PROVIDED RECORDS ▸
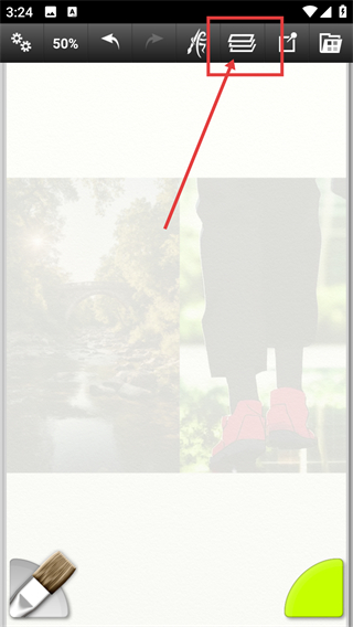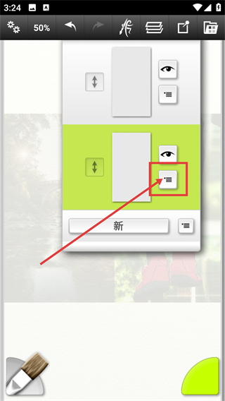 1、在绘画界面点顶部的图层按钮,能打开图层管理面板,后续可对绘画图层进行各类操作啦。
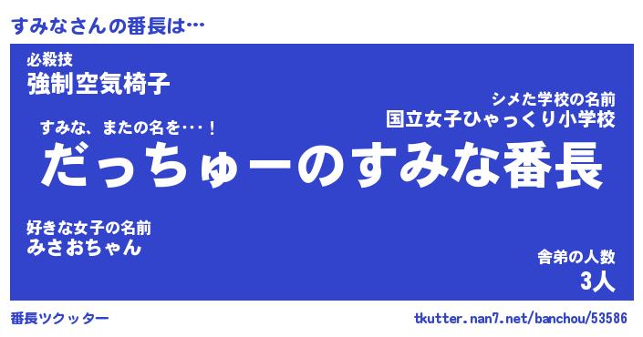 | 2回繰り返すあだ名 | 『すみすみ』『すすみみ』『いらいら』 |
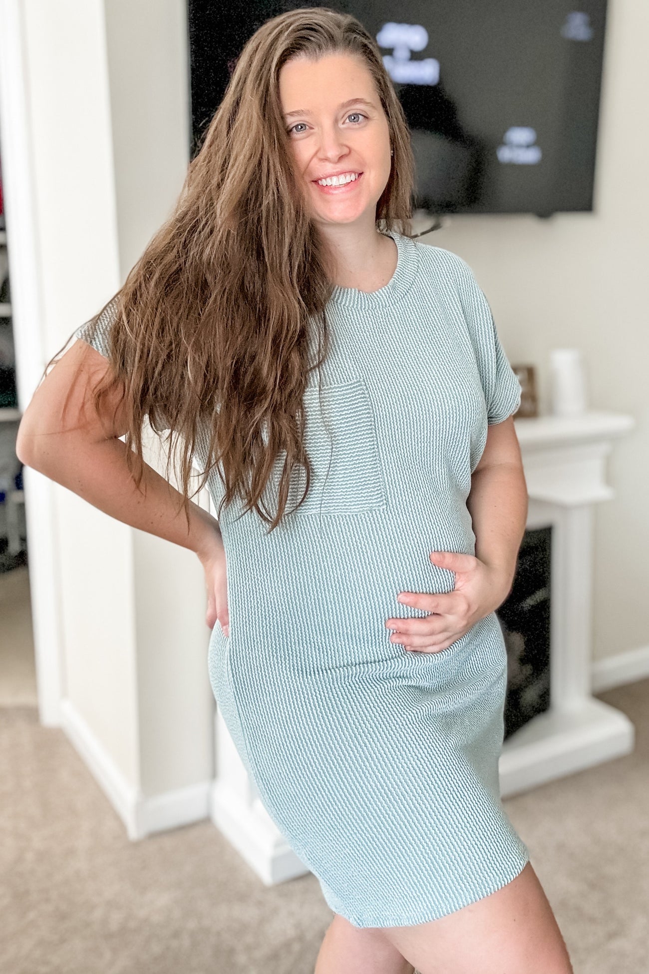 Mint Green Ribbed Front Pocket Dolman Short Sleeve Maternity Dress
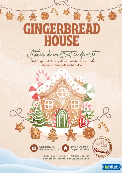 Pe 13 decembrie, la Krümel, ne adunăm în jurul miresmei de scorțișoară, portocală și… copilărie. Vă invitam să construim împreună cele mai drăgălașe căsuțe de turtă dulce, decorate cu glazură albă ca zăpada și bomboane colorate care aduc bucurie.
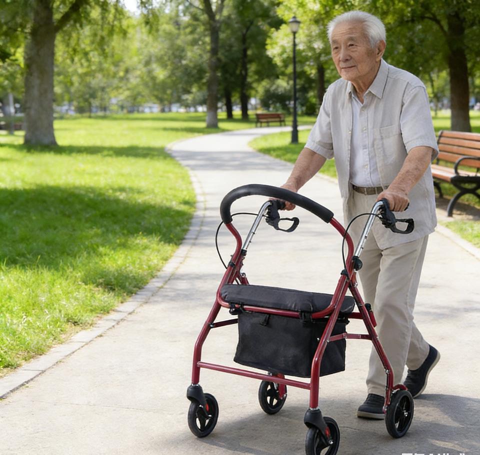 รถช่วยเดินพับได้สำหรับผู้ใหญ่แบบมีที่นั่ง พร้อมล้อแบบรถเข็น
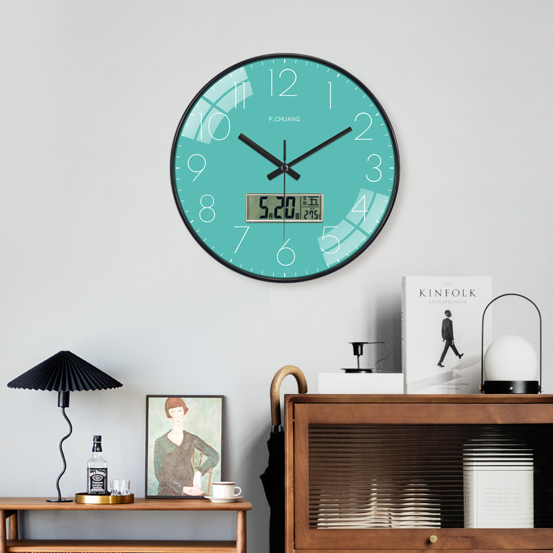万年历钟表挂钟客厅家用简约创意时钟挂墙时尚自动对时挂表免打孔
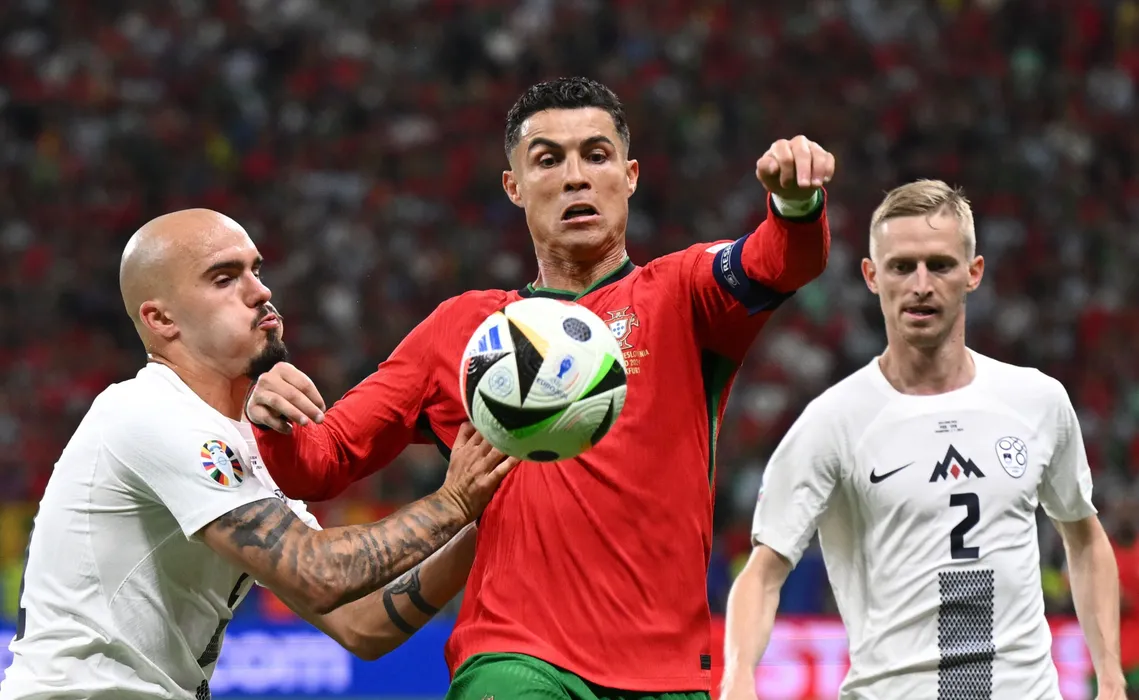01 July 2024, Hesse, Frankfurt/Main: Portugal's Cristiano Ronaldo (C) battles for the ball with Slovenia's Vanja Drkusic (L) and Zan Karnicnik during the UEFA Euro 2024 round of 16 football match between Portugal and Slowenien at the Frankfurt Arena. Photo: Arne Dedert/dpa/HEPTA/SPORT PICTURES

WHAT TO WORK ON ▸
Leaving out the pictures, print every record exactly as written.

RESULT OF THE EXERCISE ▸
 1、在绘画界面点顶部的图层按钮,能打开图层管理面板,后续可对绘画图层进行各类操作啦。
 | 2回繰り返すあだ名 | 『すみすみ』『すすみみ』『いらいら』 |
 Mint Green Ribbed Front Pocket Dolman Short Sleeve Maternity Dress
 Pe 13 decembrie, la Krümel, ne adunăm în jurul miresmei de scorțișoară, portocală și… copilărie. Vă invitam să construim împreună cele mai drăgălașe căsuțe de turtă dulce, decorate cu glazură albă ca zăpada și bomboane colorate care aduc bucurie.
 รถช่วยเดินพับได้สำหรับผู้ใหญ่แบบมีที่นั่ง พร้อมล้อแบบรถเข็น
万年历钟表挂钟客厅家用简约创意时钟挂墙时尚自动对时挂表免打孔
01 July 2024, Hesse, Frankfurt/Main: Portugal's Cristiano Ronaldo (C) battles for the ball with Slovenia's Vanja Drkusic (L) and Zan Karnicnik during the UEFA Euro 2024 round of 16 football match between Portugal and Slowenien at the Frankfurt Arena. Photo: Arne Dedert/dpa/HEPTA/SPORT PICTURES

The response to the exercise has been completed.